### Data ###

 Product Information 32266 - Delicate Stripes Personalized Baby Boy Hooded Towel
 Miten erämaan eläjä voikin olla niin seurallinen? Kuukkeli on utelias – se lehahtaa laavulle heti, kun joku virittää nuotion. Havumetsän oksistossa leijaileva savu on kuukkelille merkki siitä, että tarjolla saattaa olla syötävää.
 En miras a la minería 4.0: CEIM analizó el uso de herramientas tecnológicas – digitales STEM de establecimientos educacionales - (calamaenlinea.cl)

###
### Data ###

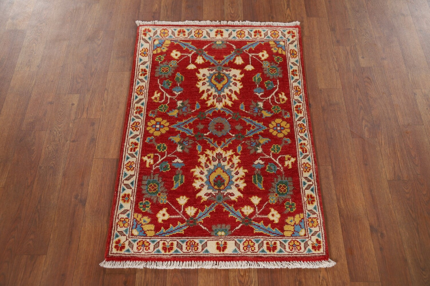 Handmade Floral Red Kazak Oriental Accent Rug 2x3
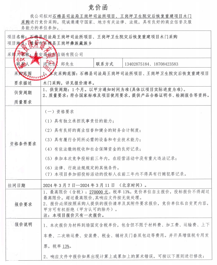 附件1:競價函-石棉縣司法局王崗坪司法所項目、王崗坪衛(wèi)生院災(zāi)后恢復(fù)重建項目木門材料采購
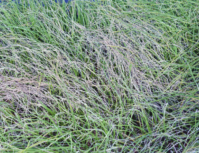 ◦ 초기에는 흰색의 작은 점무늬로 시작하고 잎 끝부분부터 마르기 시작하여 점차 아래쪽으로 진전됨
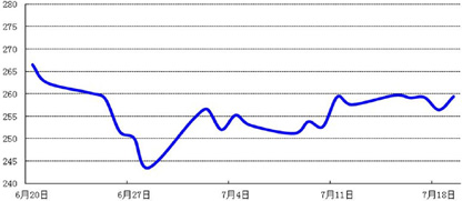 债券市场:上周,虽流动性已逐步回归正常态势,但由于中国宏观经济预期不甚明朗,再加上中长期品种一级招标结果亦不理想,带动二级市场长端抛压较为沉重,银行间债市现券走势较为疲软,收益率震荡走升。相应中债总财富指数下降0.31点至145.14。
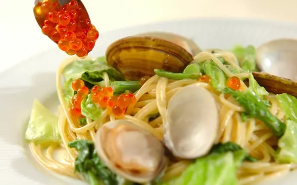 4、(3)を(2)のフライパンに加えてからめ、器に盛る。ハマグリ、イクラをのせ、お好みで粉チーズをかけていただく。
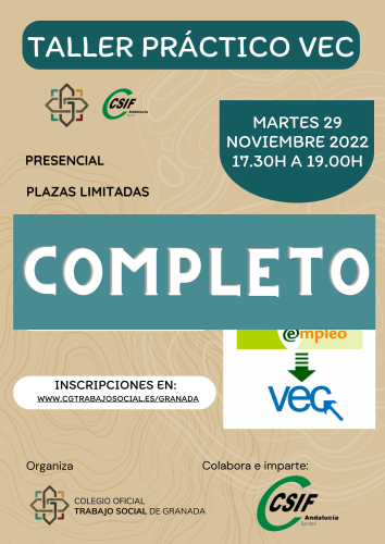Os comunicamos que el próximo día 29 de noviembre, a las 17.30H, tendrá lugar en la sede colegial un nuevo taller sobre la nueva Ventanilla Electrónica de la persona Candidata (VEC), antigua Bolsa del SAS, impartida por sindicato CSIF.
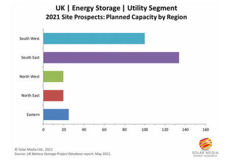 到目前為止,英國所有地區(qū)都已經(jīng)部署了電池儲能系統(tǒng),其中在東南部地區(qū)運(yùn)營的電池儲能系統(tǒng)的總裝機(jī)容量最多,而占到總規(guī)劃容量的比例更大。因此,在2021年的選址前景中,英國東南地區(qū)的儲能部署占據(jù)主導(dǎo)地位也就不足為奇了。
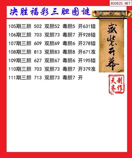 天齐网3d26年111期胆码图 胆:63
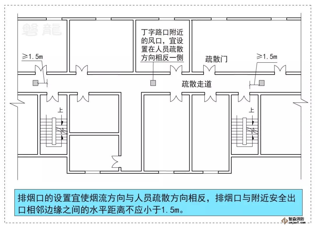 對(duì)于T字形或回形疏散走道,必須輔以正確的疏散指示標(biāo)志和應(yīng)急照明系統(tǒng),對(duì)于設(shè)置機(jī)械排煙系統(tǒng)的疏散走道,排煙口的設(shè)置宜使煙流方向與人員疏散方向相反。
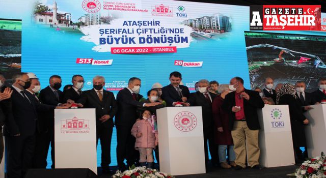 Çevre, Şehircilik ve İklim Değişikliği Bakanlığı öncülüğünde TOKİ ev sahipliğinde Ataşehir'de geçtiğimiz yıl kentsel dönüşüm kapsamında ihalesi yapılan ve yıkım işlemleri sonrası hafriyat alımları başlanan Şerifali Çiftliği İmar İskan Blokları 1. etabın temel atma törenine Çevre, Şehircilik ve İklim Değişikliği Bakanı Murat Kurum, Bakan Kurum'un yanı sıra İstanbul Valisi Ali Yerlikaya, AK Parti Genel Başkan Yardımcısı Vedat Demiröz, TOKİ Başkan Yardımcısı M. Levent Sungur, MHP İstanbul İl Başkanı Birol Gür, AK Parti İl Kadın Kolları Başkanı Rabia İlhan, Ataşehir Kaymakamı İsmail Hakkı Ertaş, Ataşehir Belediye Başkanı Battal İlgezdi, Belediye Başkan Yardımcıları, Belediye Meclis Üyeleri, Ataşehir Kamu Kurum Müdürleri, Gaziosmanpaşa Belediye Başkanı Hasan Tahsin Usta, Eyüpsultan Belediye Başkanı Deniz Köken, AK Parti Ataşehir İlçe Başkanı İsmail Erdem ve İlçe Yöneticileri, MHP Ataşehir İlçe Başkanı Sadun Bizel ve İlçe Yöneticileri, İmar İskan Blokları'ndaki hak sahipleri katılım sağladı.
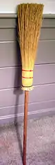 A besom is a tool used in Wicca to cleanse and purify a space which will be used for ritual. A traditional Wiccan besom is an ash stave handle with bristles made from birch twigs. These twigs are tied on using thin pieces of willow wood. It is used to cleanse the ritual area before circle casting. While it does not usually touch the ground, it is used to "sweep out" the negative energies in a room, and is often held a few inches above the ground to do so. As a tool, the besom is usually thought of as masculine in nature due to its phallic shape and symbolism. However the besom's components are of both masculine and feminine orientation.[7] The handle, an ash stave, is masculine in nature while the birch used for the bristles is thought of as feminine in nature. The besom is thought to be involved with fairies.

###

Going back to the data above, write out everything from the line with "债券市场:上周,虽流动性已逐" down to the line with "4、(3)を(2)のフライパ", both included, leaving every picture out.

[Response]
 债券市场:上周,虽流动性已逐步回归正常态势,但由于中国宏观经济预期不甚明朗,再加上中长期品种一级招标结果亦不理想,带动二级市场长端抛压较为沉重,银行间债市现券走势较为疲软,收益率震荡走升。相应中债总财富指数下降0.31点至145.14。
 4、(3)を(2)のフライパンに加えてからめ、器に盛る。ハマグリ、イクラをのせ、お好みで粉チーズをかけていただく。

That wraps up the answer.